==== Task data ====

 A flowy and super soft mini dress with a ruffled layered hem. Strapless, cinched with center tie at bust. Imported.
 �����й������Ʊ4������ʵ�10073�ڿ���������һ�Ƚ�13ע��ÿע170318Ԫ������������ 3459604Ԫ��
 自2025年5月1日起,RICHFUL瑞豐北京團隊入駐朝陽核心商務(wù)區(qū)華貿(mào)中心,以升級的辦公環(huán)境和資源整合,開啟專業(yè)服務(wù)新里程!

====
==== Task data ====

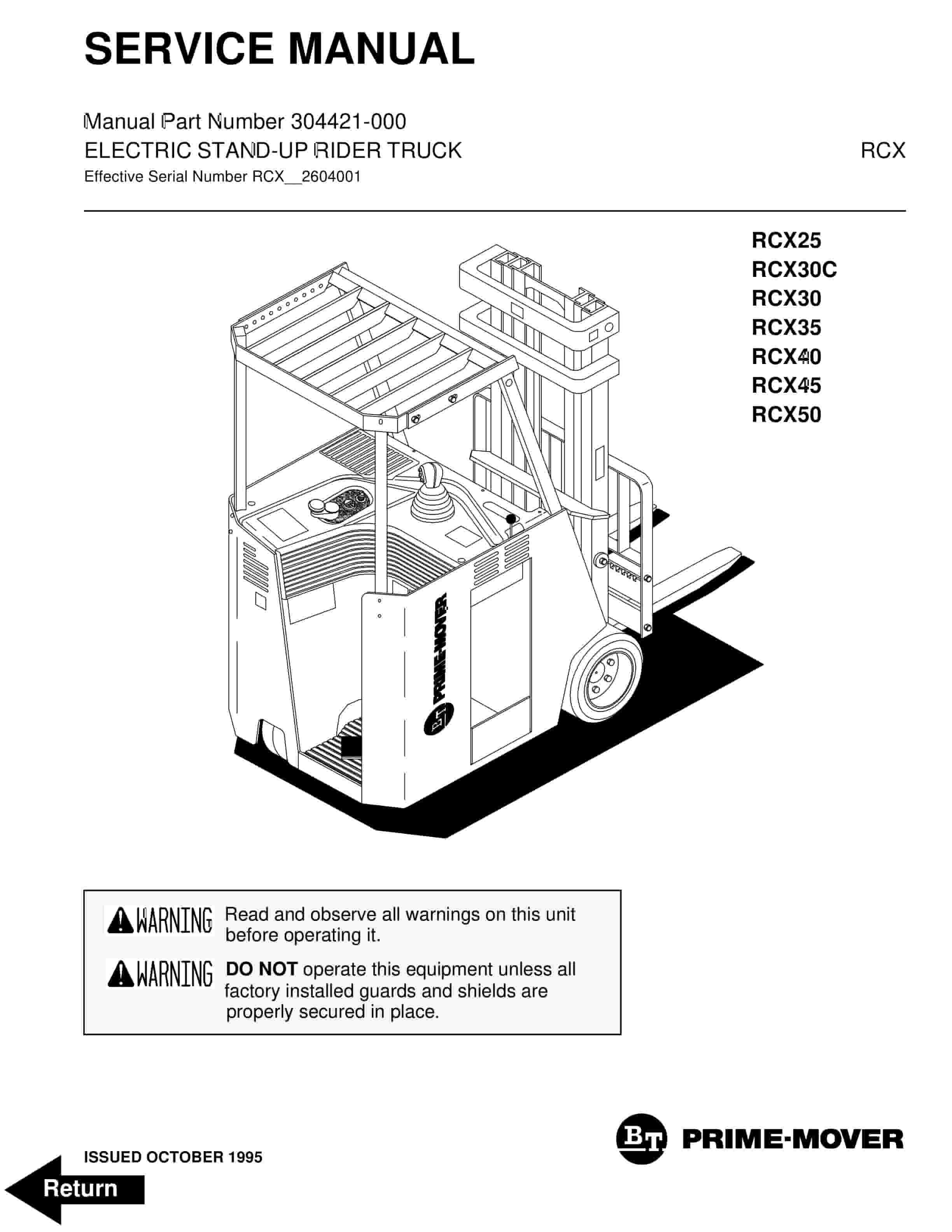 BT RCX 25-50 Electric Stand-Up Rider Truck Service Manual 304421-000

====
==== Task data ====

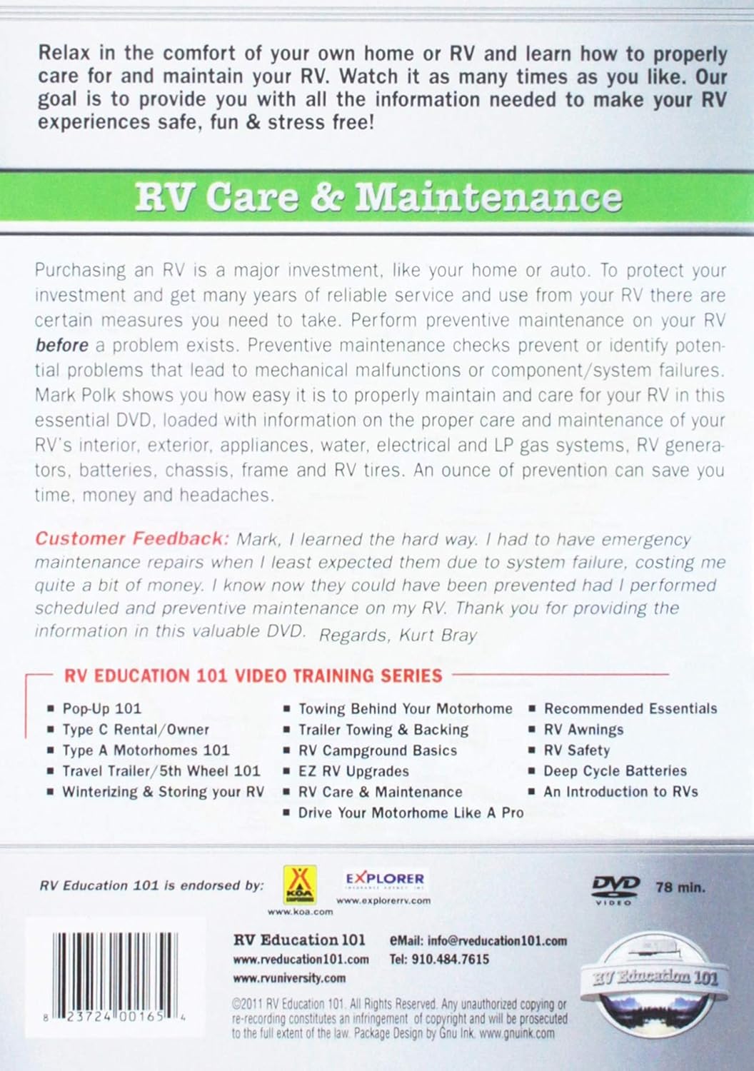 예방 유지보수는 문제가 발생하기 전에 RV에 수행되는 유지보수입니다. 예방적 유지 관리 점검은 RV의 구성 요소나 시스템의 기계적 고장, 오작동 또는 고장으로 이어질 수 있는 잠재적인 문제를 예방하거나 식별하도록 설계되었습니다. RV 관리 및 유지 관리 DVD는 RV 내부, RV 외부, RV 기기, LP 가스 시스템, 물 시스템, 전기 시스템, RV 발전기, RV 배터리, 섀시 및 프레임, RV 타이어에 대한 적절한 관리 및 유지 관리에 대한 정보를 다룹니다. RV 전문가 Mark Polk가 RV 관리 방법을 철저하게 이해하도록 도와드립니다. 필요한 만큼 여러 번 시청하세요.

====

Task objective: Within the data above, the span starting at the line containing "A flowy and" and ending at the line containing "自2025年5月1日起,RI" is to be retyped exactly, with no other lines.

Solution to the problem:
 A flowy and super soft mini dress with a ruffled layered hem. Strapless, cinched with center tie at bust. Imported.
 �����й������Ʊ4������ʵ�10073�ڿ���������һ�Ƚ�13ע��ÿע170318Ԫ������������ 3459604Ԫ��
 自2025年5月1日起,RICHFUL瑞豐北京團隊入駐朝陽核心商務(wù)區(qū)華貿(mào)中心,以升級的辦公環(huán)境和資源整合,開啟專業(yè)服務(wù)新里程!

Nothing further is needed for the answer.